The testimony I was referring to was a Senate hearing conducted 2 days ago, chaired by Senator Feinstein. She was very sympathtic to the plight of Ramos and Compean. She can smell a rat, too.
The Appeals Court has yet to hear their case. ----------------------
I commend you for being able to search and read over 2500 pages of testimony in 20 minutes. You must have missed a few things, though, because you are still making inaccurate statements.
As per testimony, a border sensor was tripped by a speeding van heading into the US in an area known for smuggling. 43,000 lbs of contraband had been interdicted there in the prior 15 months. The driver refused to stop for Agent Compean, who pursued him. What would a reasonable law enforcement officer surmise?
BTW, the area where this happened is less than scenic. The odds of a van of midwestern tourists getting lost at the border, crossing into Mexico and then speeding back is probably equivalent to the odds of OJs blood matching someone else's. Even so, I suspect tourists would stop when pursued by a law enforcement officer. Wouldn't you agree?

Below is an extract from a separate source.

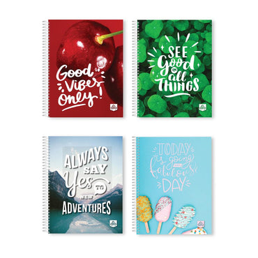 Description : OPP Picture 60 Gsm Product size : 21 x 27.5 cm Number of sheets : 48 sheets Ruling : seyes Type : spiral Available : Cherry, Sun Flower, Mountain, Moon,...

When Osbaldo Aldrete-Davila spotted another BP vehicle heading in his direction, he turned around and sped back towards Mexico. He ditched the van and became involved in a physical fight with agent Compean, which Aldrete-Davila (a six-footer compared to Compean - who I would guess to be about 5'6") won. Compean ended up on the ground with dirt in his eyes and face. Aldrete-Davila then ran back towards Mexico and jumped into a waiting vehicle - waiting on the Mexican side - to make his escape.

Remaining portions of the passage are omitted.